Figure 3a, b and c show the simulation results of three proteins (i.e., EGFR, TNFR and ERK) using the proposed model under the two different inputs. It can be seen that the trends of the activities of the input nodes follow an approximately sigmoidal function (the blue curves in Fig. 3a and b). When the EGFR inhibitor is added at the 10th step, the EGFR activity drops sharply within a few steps (the red curve in Fig. 3a).
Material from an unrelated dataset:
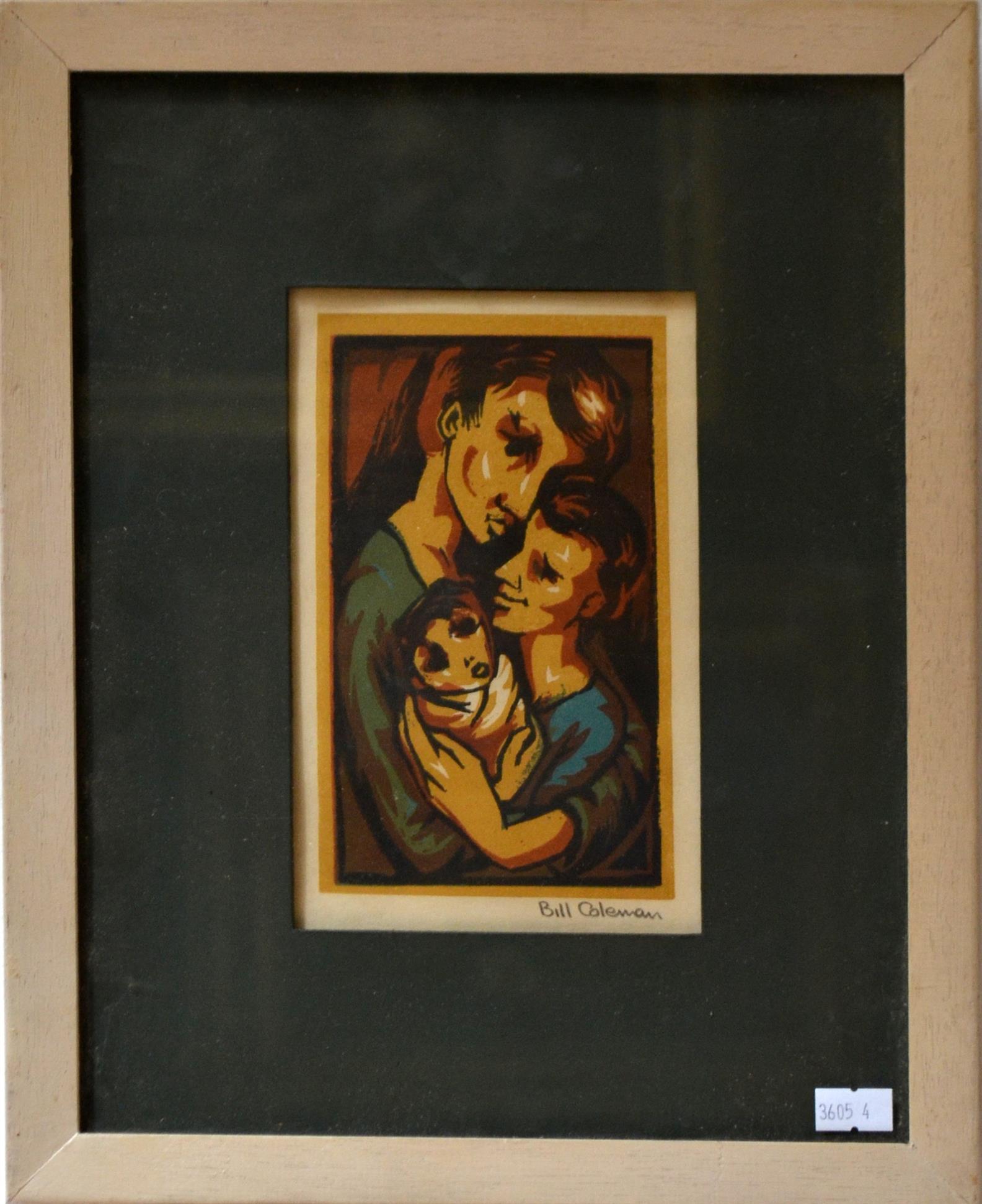 BILL COLEMAN, FAMILY, LINOCUT, 10 X 8CM

Consequently, the activity of its downstream node ERK (the red curve in Fig. 3c) decreases with some time delay because it takes some time for signals to be transmitted from EGFR to ERK. Under input 2, the activity of TNFR first decreases from a random initial value with a degradation rate (here is 0.2) and increases to the maximum (the input level 0.8) almost immediately at the 20th iteration (the red curve in Fig. 3b). In contrast, SimBoolNet has a limited capability of dealing with blocking effect, degradation or scheduled perturbations. We can see from the blue curves in Fig. 3d, e and f (which are outputs of SimBoolNet) that the activity levels increase monotonically from 0 to a maximum, considered as the stable state, which is unlikely to be precise in the biochemical reactions. Moreover, the inhibiting effect in SimBoolNet is represented by keeping the activity level of the target node to 0, which is unlikely to be realistic especially when the inhibiting effect should be produced in the middle of the simulation (red curves in Fig. 3d and f). Given the initial states, GINsim is able to identify the stable states [2]. However, it has similar limitations for dealing with scheduled drug additions and degradations (Fig. 3g to i).

Fig. 3

Comparison of simulation-based predictions made by using SimBoolNet, GINsim and the proposed simulator. Two different inputs are used: (1) EGFR and TNFR are perturbed at the beginning of the simulation with input levels 0.5 and 0.8, respectively, and (2) EGFR is inhibited at the 10th iteration with input level -1 and TNFR is activated at the 20th iteration with input level 0.8. The edge weights of activation and blockage are set to 0.7 and 0.8, respectively, for both inputs. The simulation is executed for 100 iterations. a–c The plots of simulation results using the proposed model for EGFR, TNFR and ERK, under two different inputs. d–f The plots of SimBoolNet results under input 1 and 2, respectively. Please note that the two curves are totally overlap for TNFR in (e). g–i GINsim simulation results for EGFR, TNFR and ERK. Each run of GINsim simulation executes 8 iterations before reaching the stable state

We then compared the computational time of SimBoolNet, GINsim (in asynchronous mode) and the proposed model. In addition to the network shown in Fig. 2, a small network with 5 nodes and a large network with 500 nodes were constructed. The edges of these two networks were randomly generated. Totally, the numbers of the nodes/edges of the three networks are 5/13, 35/57 and 500/6124, respectively. The hardware being employed was Dell Precision T3600 workstation with Intel Xeon CPU E5–1620, 8 GB RAM and Windows 7 Professional 64–bit operating system. Table 1 shows the computational time of SimBoolNet, GINsim and our model on the three networks. It can be seen that the simulation with our model is faster than SimBoolNet, whereas slightly slower than GINsim when the network is small. However, GINsim has its limitation for large networks. The simulation using GINsim (in synchronous mode) on the third network with 500 nodes did not produce any result within endurable time.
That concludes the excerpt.